Thursday, 19 July 2018: 09:15
Location: 701B (MTCC SOUTH BUILDING)
Oral Presentation
Desai SHAN, University of Ottawa, Canada
Shipping on the Great Lakes and St. Lawrence Seaway connects the trade between Canada, the US and the world. Meanwhile, these and other seafarers have to live and work with different scales of employment-related geographical mobility, including intra-provincial commuting movement every 6-12 weeks from home to port and vice versa, as well as domestic and international transport movement on a 24/7 basis between Canadian and the US ports (Cresswell et al. 2016). Based on twenty in-depth semi-structured interviews, this research examines how E-RGM and the related regulatory frameworks may create health and safety challenges for these Canadian seafarers. The regulatory frameworks involve multi-level international and federal legal sources, including international maritime conventions, the Canada Shipping Act, Canada Labour Code and Maritime Occupational Health and Safety Regulations, implemented by various agencies, including the Flag State (Canada), the Port State (the US) and authorized third parties, such as Classification Societies.

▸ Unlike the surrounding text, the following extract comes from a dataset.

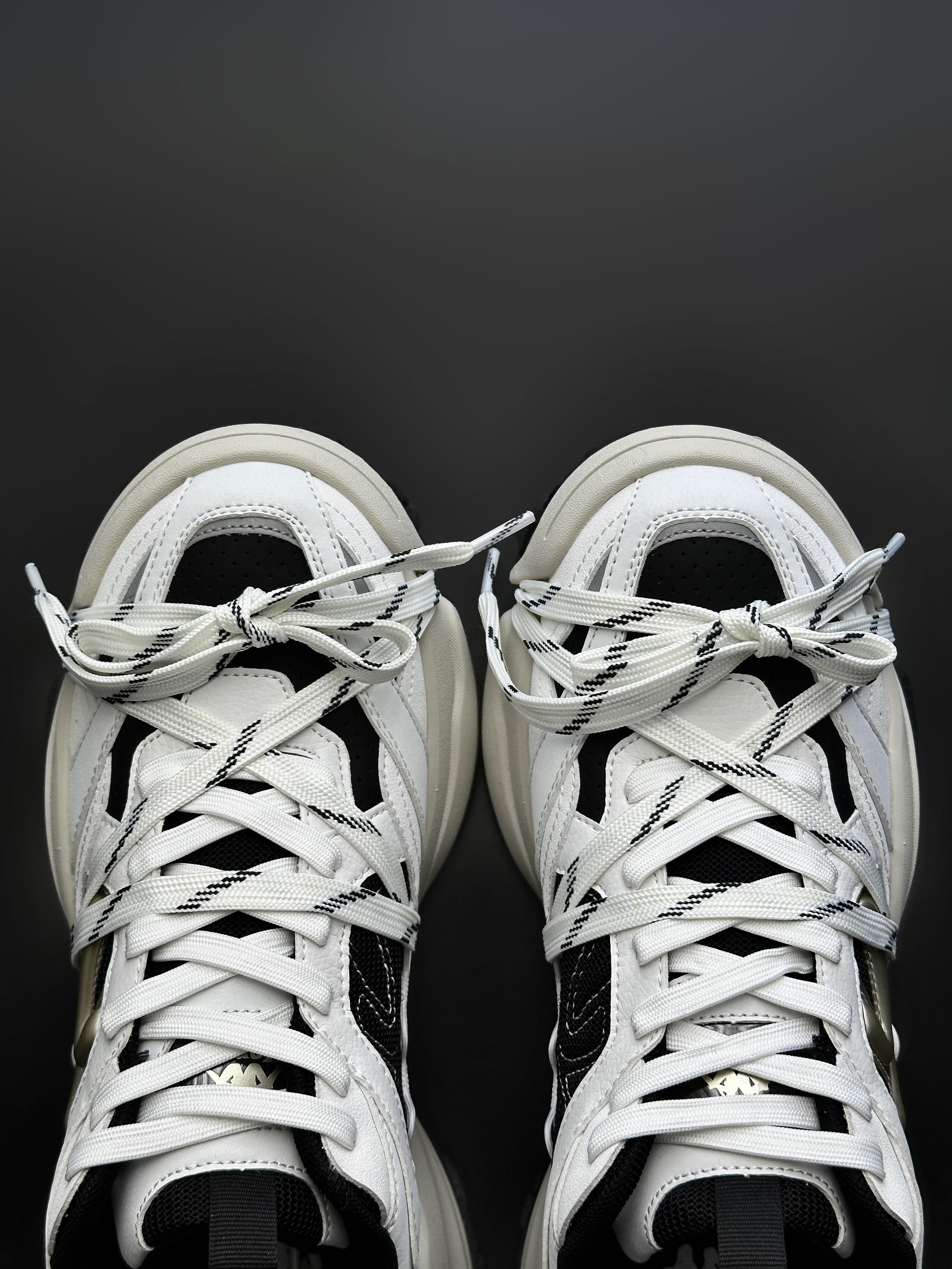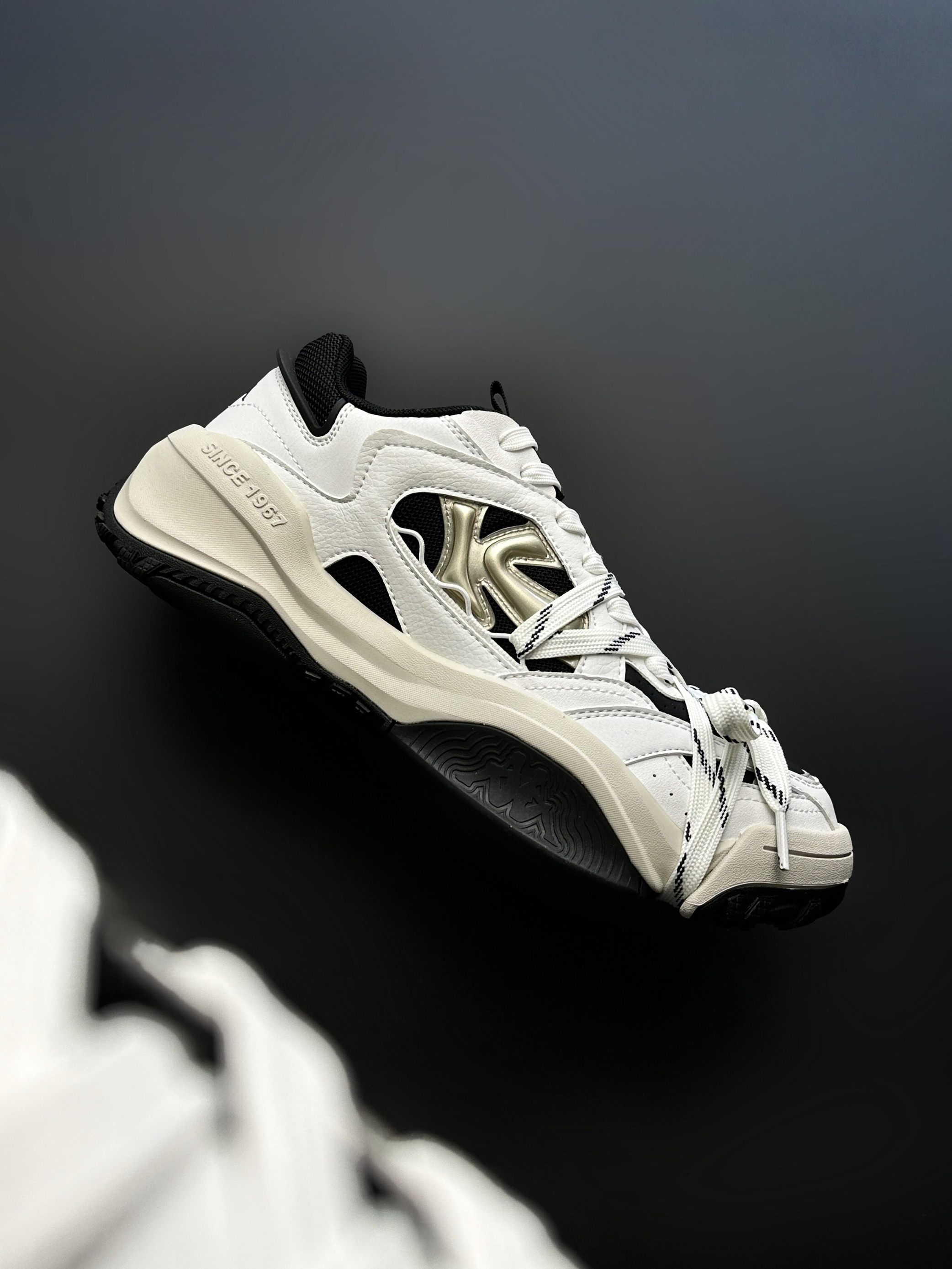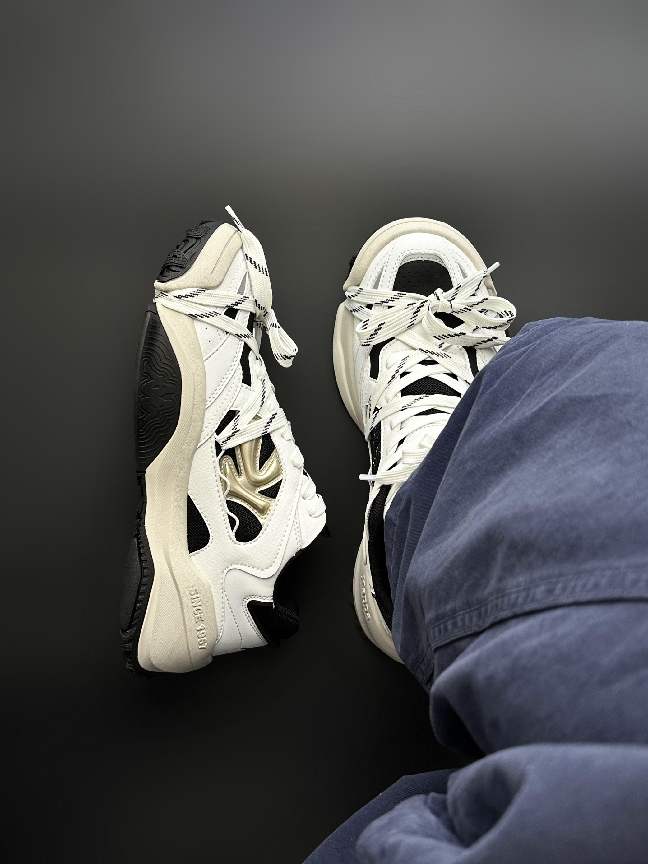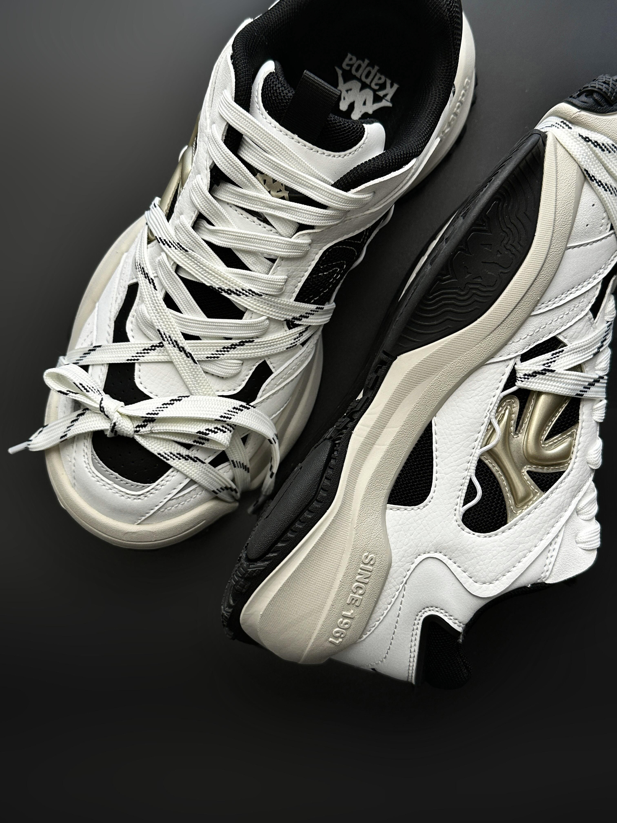 刚拆箱的Kappa方糖板鞋,第一眼就被鞋头的绑带设计拿捏了! 很有辨识度,给白黑拼色的鞋身添了不少层次感,再搭配鞋身的金色K字点缀,瞬间跳出普通板鞋的沉闷感。 鞋型是方方正正的厚底款,皮质摸起来软乎乎的,厚底踩上去很轻,一点不笨重。 侧面还有“SINCE 1967”的刻字,细节做的很到位,日常搭牛仔裤、运动裤都超适配。

Their high-level of mobility makes ships a working environment temporarily disconnected from land-based society and services. The findings indicate that as a result of this disconnection, seafarers have to sacrifice to a certain extent their individual rights to ensure the overall safety of the ship. In addition, high-level E-RGM increases workloads on ships. Seafarers are not only required to navigate safely in narrow seaways, locks and canals between the lakes, but are also responsible for cargo discharging, and obliged to control and manage potential pollutants on board. Long working hours, shift works and the motion of ships can cause significant fatigue for the crew. Fatigue is reported to be a prominent cause of accidents and injuries among seafarers. Finally, new technologies are speeding up cargo operation in ports and strict security measures have reduced the chance for seafarers to take shore breaks, which further intensifies the isolation and fatigue suffered by seafarers.